Having two equivalent parameterizations, I would go with the
computationally fastest one (a couple more miliseconds per model, easily
add up to many hours when analyzing highly dimensional datasets). You
can time the analysis for, say, 100 transcripts and go from there.
~note: other users commented on your models not being equivalent~
For p-values:
You could use LRT to test for variance components.
This is standard practice in genetic epidemiology: fit a model with and
without the random effect in question, then compare the log (residual)
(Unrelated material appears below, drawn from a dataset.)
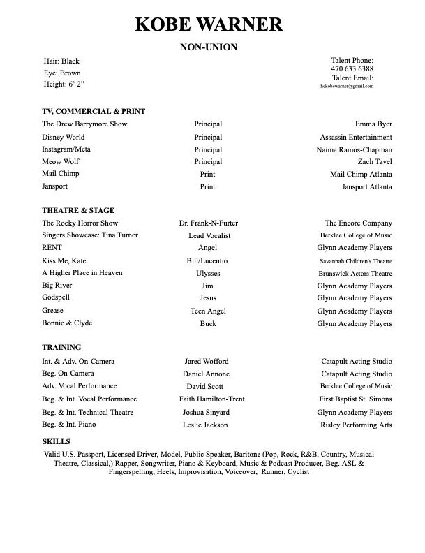Kobe Warner is an American singer, rapper, songwriter, model, actor, podcast host, public speaker & Hereditary Angioedema Advocate. Born in southern Indiana, Kobe moved to Golden Isles, Georgia with their family shortly after their seventh birthday. Almost immediately after arriving on the Georgia coast, Kobe attended a theatre summer camp at the historic Ritz Theatre in Downtown Brunswick, and quickly realized that entertaining on stage is their passion. A theatrical mentor spoke a classic metaphor over Kobe when they were young that stuck with them: the smell of grease paint runs through my veins. Over the next fifteen years, Kobe went on to perform at many regional theatres located in the Golden Isles, in shows such as The Wizard of Oz, Shrek the Musical, The Little Mermaid, The Jungle Book, Kiss Me Kate & A Higher Place in Heaven before moving away in 2020. In 2024, after a few years performing on other stages, Kobe returned to the historic Ritz Theatre to assume the starring role of Dr. Frank-N-Furter in the Rocky Horror Picture Show.

likelihood ratio to a chi-square statistic. FDR can be used on top of
that to account for multiple tests. Of course, now you have to fit three
models (one null models for each VC), so your cpu time has just
multiplied by almost 3. Definitely using refit and update will help with
compute time when having so many models.
I use sobj<-summary(result) as an intermediate step to get the info
(although this may add to the computational burden and other suggestions
you got may be faster and more efficient),
then ask for slots:
@REmat
@coefs
...for getting estimates of variance components and fixed effects.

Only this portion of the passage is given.